To reproduce the CI gate ad-hoc:

uv sync --group dev   # installs actionlint-py + zizmor along with the rest of the dev tooling
uv run actionlint -no-color -oneline
uv run zizmor --no-progress --color=never --persona=auditor --min-severity=low .github/workflows/ .github/actions/

actionlint’s repo-wide configuration lives in .github/actionlint.yaml. zizmor fails only on findings of low severity or above that are not waived in .github/zizmor.yml.

Manual testing

  • Use a fast and cheap model during development and for initial testing. openai/gpt-5-nano is a good choice.
  • Test with small subsets before running on full datasets
    • Start with a few representative examples
    • Gradually increase the test set size
  • Verify that your implementation matches the original evaluation’s methodology.
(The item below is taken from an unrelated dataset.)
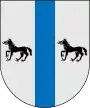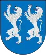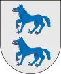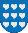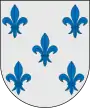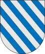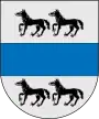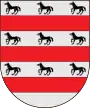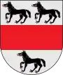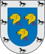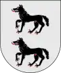 De azul, tres fajas de plata, cargadas de nueve lobos de sable 3, 3, 3. |
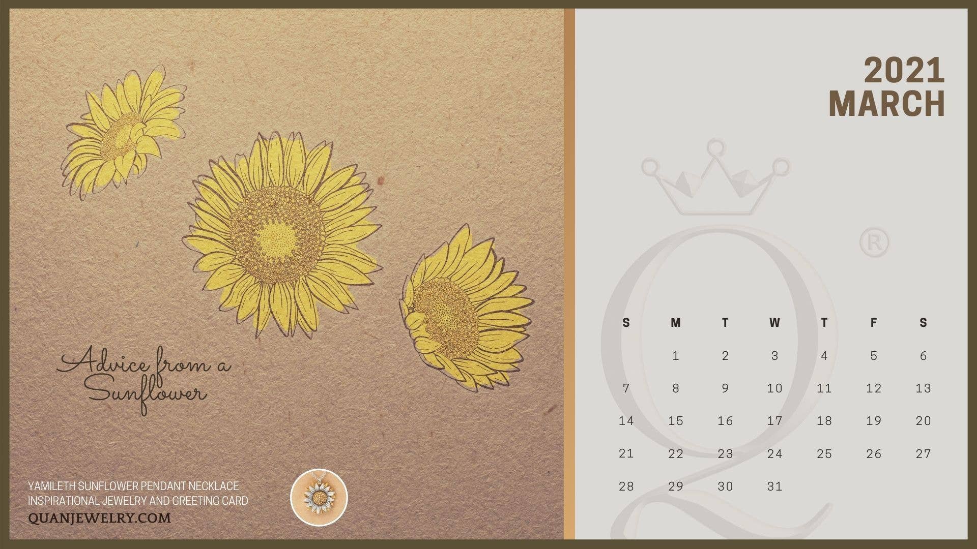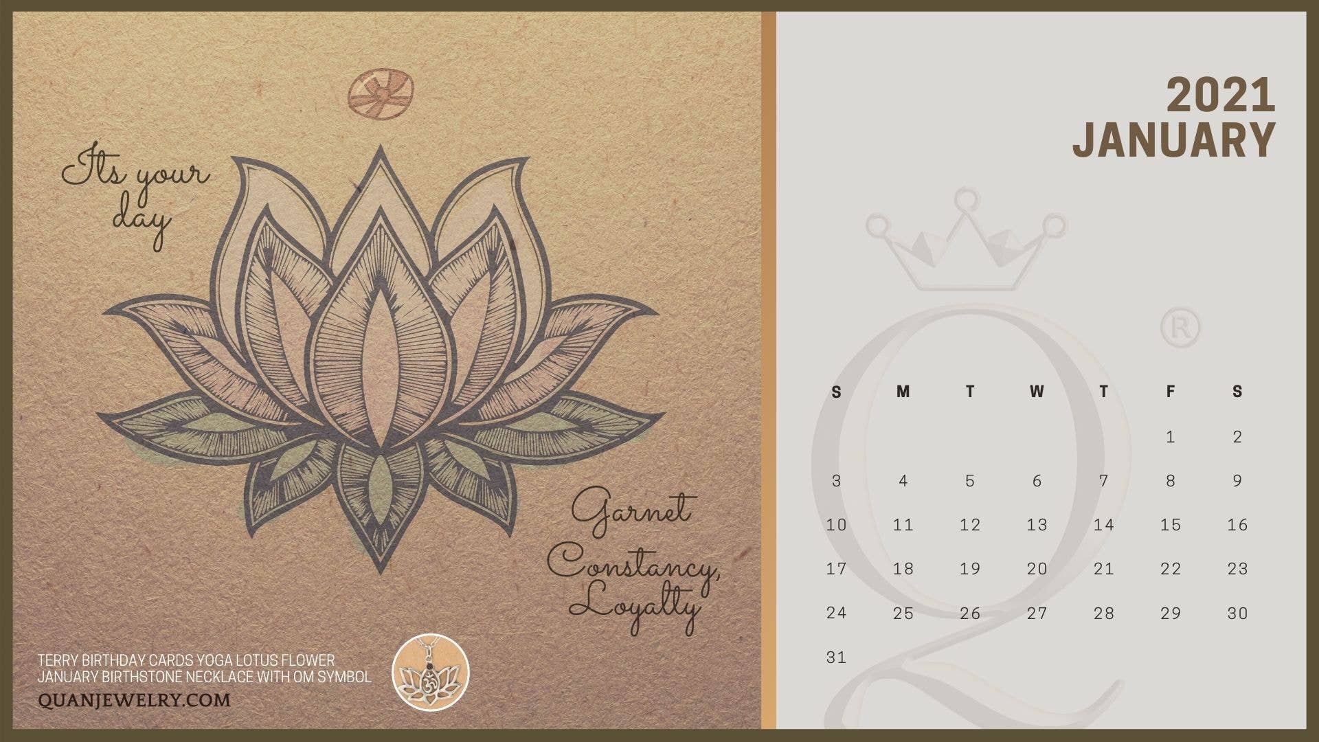 Quan Jewelry has just created a chic, earth-themed calendar just for you! You can start marking all the important dates for your future plans. Plus we’ve included life-teaching quotes from our best-seller jewelry cards to keep you inspired. So download, print and enjoy your 2021 calendar!

See the contributing guide in our eval template repo for more information.
    • Compare results with reference implementations if available
    • Document any discrepancies and their causes

Mocking and sandboxes

  • Mocking (what should be mocked and when)
    • Ensure tests are deterministic. Use mockllm/model for model outputs and unittest.mock for external APIs to prevent network calls during testing.
  • Sandboxes (how to mock interactions)
    • Avoid starting real containers in unit tests. Use @pytest.mark.docker and mock sandbox outputs and exit codes to verify solver logic.
  • Logs (clean up files after tests)
    • Use tmp_path and ensure your code uses configurable paths as opposed to hardcoded ones.

Additional resources

  • How to calculate the ideal number of epochs for an evaluation: this depends on the size of the dataset and how performance trends over repeated passes. This Colab Notebook contains further instructions on how to calculate the optimal number of epochs.

  • A step-by-step process on how to approach eval implementation is outlined in our (legacy) methodology docs.